*** Opening of LISTED RECORDS ***

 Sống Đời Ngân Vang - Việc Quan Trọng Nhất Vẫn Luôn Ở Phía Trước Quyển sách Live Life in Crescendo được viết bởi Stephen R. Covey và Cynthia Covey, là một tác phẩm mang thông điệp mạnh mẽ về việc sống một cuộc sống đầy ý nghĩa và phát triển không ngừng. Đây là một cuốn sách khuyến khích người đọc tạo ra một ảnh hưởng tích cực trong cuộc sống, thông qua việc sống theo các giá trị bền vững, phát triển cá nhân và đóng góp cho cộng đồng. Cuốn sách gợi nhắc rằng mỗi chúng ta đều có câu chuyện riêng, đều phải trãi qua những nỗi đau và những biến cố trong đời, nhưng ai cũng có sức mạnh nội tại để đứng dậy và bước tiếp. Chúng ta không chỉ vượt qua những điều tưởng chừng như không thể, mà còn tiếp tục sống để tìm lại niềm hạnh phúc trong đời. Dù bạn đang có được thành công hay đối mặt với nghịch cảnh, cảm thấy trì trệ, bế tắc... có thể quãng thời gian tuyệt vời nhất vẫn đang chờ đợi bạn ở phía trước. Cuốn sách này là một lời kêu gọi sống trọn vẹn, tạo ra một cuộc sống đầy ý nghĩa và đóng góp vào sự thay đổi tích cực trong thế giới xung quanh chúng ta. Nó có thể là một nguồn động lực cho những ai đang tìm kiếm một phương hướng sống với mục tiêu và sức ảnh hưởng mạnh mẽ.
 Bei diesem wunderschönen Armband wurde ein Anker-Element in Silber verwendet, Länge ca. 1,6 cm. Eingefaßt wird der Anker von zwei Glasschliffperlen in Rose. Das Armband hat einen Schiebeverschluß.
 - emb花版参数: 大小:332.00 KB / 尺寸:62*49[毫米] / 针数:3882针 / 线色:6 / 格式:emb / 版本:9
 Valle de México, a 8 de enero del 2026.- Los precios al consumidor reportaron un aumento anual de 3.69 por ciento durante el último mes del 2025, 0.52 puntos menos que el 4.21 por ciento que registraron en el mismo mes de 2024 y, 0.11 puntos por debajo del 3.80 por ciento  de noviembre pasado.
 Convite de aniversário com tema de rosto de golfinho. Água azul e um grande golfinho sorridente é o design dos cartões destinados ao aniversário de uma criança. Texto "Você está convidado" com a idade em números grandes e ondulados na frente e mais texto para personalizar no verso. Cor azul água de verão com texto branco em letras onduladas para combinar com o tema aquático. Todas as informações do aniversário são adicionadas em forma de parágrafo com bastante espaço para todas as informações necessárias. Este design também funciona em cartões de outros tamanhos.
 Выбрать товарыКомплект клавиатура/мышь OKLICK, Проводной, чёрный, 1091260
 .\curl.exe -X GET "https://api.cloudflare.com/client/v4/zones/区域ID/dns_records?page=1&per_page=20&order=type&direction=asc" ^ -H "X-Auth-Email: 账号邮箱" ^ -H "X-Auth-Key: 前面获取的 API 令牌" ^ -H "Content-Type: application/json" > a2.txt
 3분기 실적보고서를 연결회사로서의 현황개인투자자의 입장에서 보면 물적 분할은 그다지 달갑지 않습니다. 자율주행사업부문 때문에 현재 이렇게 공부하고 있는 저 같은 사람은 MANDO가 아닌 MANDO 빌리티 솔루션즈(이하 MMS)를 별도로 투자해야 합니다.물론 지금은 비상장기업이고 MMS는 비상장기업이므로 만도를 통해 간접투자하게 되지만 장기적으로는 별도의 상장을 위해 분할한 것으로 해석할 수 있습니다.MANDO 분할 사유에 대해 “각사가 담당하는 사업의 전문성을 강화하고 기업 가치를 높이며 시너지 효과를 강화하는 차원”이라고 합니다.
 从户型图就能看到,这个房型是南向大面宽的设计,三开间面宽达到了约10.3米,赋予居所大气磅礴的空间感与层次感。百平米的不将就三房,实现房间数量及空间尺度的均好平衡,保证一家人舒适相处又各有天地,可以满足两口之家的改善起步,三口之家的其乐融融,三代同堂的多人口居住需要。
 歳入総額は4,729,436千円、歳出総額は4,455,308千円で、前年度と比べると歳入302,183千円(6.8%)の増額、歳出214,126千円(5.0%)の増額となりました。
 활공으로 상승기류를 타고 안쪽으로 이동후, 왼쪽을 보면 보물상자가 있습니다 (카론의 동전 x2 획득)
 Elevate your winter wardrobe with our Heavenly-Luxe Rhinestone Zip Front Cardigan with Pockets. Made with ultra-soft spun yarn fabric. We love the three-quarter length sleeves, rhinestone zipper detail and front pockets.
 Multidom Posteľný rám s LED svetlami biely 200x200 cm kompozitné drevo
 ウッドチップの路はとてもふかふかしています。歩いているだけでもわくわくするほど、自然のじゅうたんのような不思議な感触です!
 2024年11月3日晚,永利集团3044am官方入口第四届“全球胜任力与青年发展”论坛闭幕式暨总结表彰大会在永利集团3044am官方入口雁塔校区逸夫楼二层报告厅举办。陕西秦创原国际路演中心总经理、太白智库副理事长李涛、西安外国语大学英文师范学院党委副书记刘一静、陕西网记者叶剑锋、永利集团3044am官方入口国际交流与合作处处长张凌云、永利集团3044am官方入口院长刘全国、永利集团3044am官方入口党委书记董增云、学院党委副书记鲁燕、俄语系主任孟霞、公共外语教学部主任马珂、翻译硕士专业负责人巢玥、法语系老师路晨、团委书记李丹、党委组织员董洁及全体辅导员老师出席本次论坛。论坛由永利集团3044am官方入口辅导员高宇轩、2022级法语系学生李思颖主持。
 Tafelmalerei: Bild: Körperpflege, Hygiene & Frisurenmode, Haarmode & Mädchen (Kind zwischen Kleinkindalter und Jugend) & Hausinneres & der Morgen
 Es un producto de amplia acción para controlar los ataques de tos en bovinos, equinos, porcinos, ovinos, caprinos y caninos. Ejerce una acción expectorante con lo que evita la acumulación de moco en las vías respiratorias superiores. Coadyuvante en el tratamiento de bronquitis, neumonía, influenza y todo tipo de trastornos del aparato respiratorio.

*** Close of LISTED RECORDS ***

# WHAT TO DO:
Output the lines above between the one holding "Выбрать товарыКомплект клавиатура/мышь" and the one holding "ウッドチップの路はとてもふか", inclusive, with nothing before or after them.

# EXERCISE OUTPUT:
 Выбрать товарыКомплект клавиатура/мышь OKLICK, Проводной, чёрный, 1091260
 .\curl.exe -X GET "https://api.cloudflare.com/client/v4/zones/区域ID/dns_records?page=1&per_page=20&order=type&direction=asc" ^ -H "X-Auth-Email: 账号邮箱" ^ -H "X-Auth-Key: 前面获取的 API 令牌" ^ -H "Content-Type: application/json" > a2.txt
 3분기 실적보고서를 연결회사로서의 현황개인투자자의 입장에서 보면 물적 분할은 그다지 달갑지 않습니다. 자율주행사업부문 때문에 현재 이렇게 공부하고 있는 저 같은 사람은 MANDO가 아닌 MANDO 빌리티 솔루션즈(이하 MMS)를 별도로 투자해야 합니다.물론 지금은 비상장기업이고 MMS는 비상장기업이므로 만도를 통해 간접투자하게 되지만 장기적으로는 별도의 상장을 위해 분할한 것으로 해석할 수 있습니다.MANDO 분할 사유에 대해 “각사가 담당하는 사업의 전문성을 강화하고 기업 가치를 높이며 시너지 효과를 강화하는 차원”이라고 합니다.
 从户型图就能看到,这个房型是南向大面宽的设计,三开间面宽达到了约10.3米,赋予居所大气磅礴的空间感与层次感。百平米的不将就三房,实现房间数量及空间尺度的均好平衡,保证一家人舒适相处又各有天地,可以满足两口之家的改善起步,三口之家的其乐融融,三代同堂的多人口居住需要。
 歳入総額は4,729,436千円、歳出総額は4,455,308千円で、前年度と比べると歳入302,183千円(6.8%)の増額、歳出214,126千円(5.0%)の増額となりました。
 활공으로 상승기류를 타고 안쪽으로 이동후, 왼쪽을 보면 보물상자가 있습니다 (카론의 동전 x2 획득)
 Elevate your winter wardrobe with our Heavenly-Luxe Rhinestone Zip Front Cardigan with Pockets. Made with ultra-soft spun yarn fabric. We love the three-quarter length sleeves, rhinestone zipper detail and front pockets.
 Multidom Posteľný rám s LED svetlami biely 200x200 cm kompozitné drevo
 ウッドチップの路はとてもふかふかしています。歩いているだけでもわくわくするほど、自然のじゅうたんのような不思議な感触です!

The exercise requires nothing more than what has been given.